To set the above test parameters:
- Replace the content of the
<fastdds_workspace>/src/fastrtps/test/performance/throughput/recoveries.csv file with a 0. - Replace the content of the
<fastdds_workspace>/src/fastrtps/test/performance/throughput/payloads_demands.csv file with the following new content: 11000000;10
Finally, the following command has been executed 50 times to obtain the results of the reception Throughput.
colcon test \
--event-handlers console_direct+ \
--packages-select fastrtps \
--ctest-args -R performance.throughput.interprocess_reliable_shm \
--timeout 3600
5. DDS application configuration
5.1 DataWriter/DataReader configuration
Cyclone DDS & Fast DDS
Both the Cyclone DDS and Fast DDS applications ensure reliable communication at the DDS application level, i.e. the reliability of the DataWriters and DataReaders is configured as RELIABLE regardless of the transport protocol used.

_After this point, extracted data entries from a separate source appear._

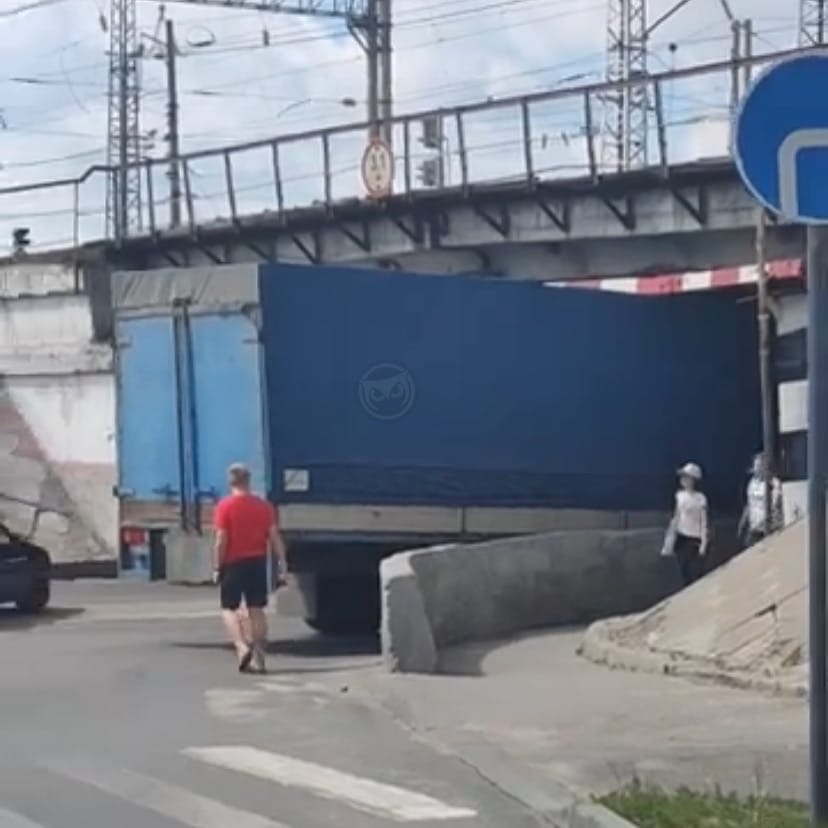 Вчера, 28 июня, снова под Бакунинским мостом застрял больше груз. Фото с места появилось в группе Сова авто г.Пенза.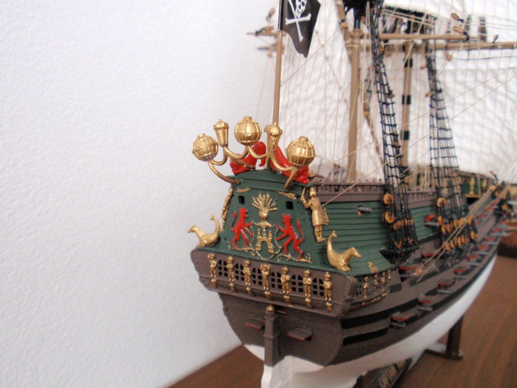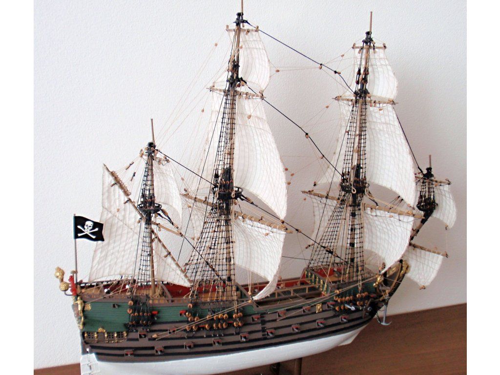 U nás málo viděný model! Kvalitně vylisovaný s mnoha detaily. Nevýhodou však je, že drážky mezi prkny na palubě a boku lodi pod čárou ponoru jsou pozitivní – čili vystupují na horu. Myslím si, že však tato drobnost by nemněla odradit od nákupu. Mnohým to vůbec nevadí a zkušenější modelář si poradí co s tím. Obsahuje dále žebříky z pružného plastu, vylisované plachty, plánek, pirátskou vlajku. Model má i několik postaviček. Pro inspiraci koukněte ZDE, kde je model v perfektním provedení, nebo na Modelfóru pěkná stavba od Petra ZDE.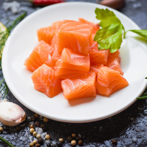 Convenientes y frescos, nuestros cubos de salmón son perfectos para ensaladas, bowls y ceviches. Una opción versátil para explorar creativamente en la cocina.
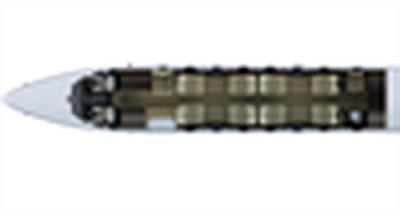 Самолёт оснащён 2 двигателями PW306D со средним расходом топлива 190 галлонов в час .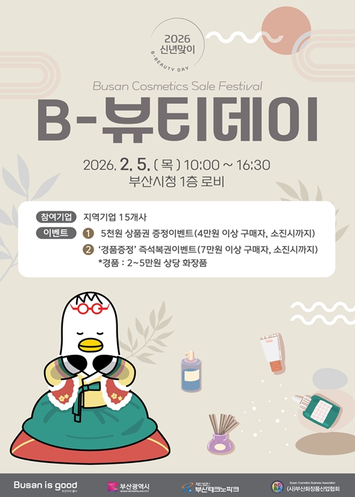 [뉴스다컴] 부산시는 오는 2월 5일 오전 10시부터 오후 4시 30분까지 시청 1층(대강당-대회의실 앞)에서 '2026 설맞이 비(B)-뷰티 데이'를 개최한다고 오늘(2일) 밝혔다.

In addition, the DataWriters and DataReaders History of both applications is configured as KEEP_ALL.
Fast DDS
Fast DDS tests have been performed for both publication modes:
- SYNCHRONOUS_PUBLISH_MODE: The data is sent in the context of the user thread that calls the write operation.
- ASYNCHRONOUS_PUBLISH_MODE: An internal thread takes the responsibility of sending the data asynchronously. The write operation returns before the data is actually sent.
5.2 Transport
Cyclone DDS
It uses the UDP transport protocol. Intraprocess communication does not apply in this case since the Publisher and Subscriber are running on different processes of the same system.
Fast DDS
It uses the Shared Memory transport (SHM) protocol. The SHM transport parameters that are configured are as listed below.
- Segment size (segment_size()): The size of the shared memory segment (in octets).
It is set to 2GB in order to have enough memory to perform the test.
segment_size() = 2147000000
Max message size (maxMessageSize): Maximum size of a single message in the transport. It is set to 12MB to avoid data fragmentation.
maxMessageSize = 12000000
6. Test results
The following table shows the processed results of 50 throughput test runs for each of the configurations and DDS implementations.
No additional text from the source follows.